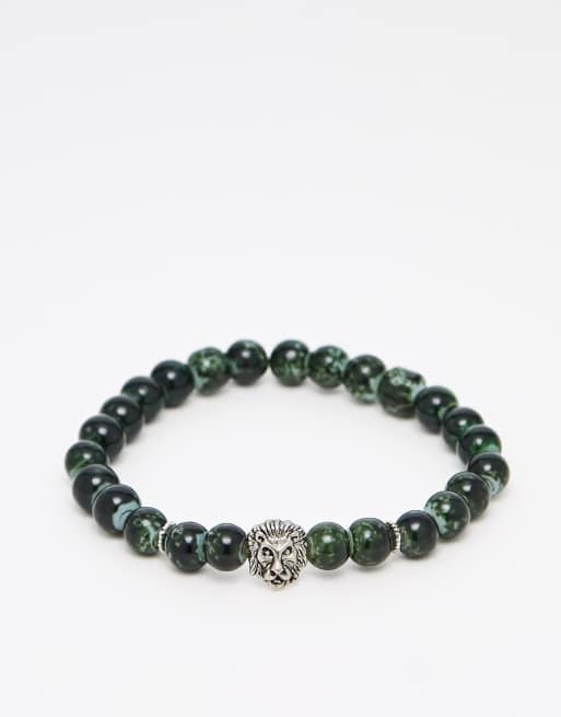 ASOS DESIGN - Bracelet de perles fantaisie style festival avec tête de lion - Vert
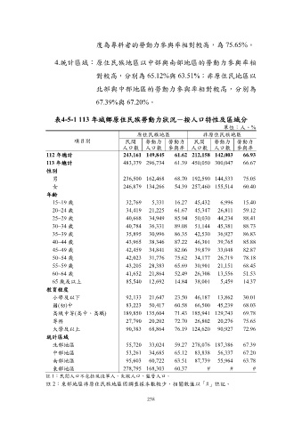 表4-5-1 113 年城鄉原住民族勞動力狀況-按人口特性及區域分
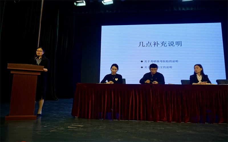 郭剑英为同学们分析了近几年考研动态与趋势,根据同学们的学科专业特点和实际情况推荐了考研的相关学科,鼓励同学们积极备考,增长学识,为考上自己理想的学校和专业而拼搏奋斗,不断提升自己的学历层次。
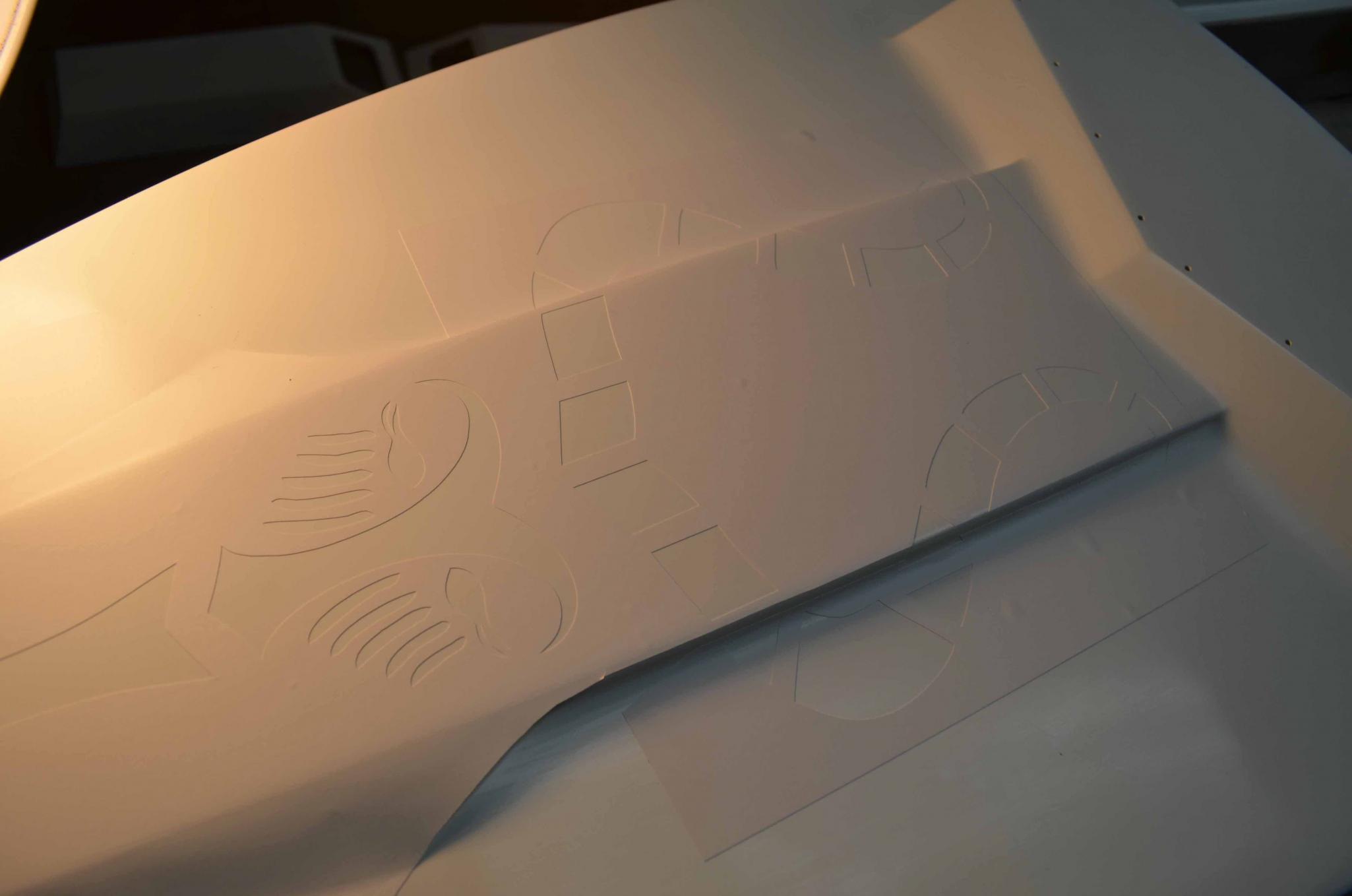 The graphics templates were done by Callie Graphics. We had many emails between us to get the graphics to my satisfaction. For this template, you peel the backside, adhere it to the model, press and press to be sure of the adhesion, then peel the front side, mask around the template, spray, then remove the masking and template.
══════════
Assignment: Drop the pictures; return the lines above from the line containing "表4-5-1 113 年城鄉原住民族勞動力狀況-按人口特性及區域分" to the line containing "郭剑英为同学们分析了近几年考", both included, exactly.

The completed task:
 表4-5-1 113 年城鄉原住民族勞動力狀況-按人口特性及區域分
 郭剑英为同学们分析了近几年考研动态与趋势,根据同学们的学科专业特点和实际情况推荐了考研的相关学科,鼓励同学们积极备考,增长学识,为考上自己理想的学校和专业而拼搏奋斗,不断提升自己的学历层次。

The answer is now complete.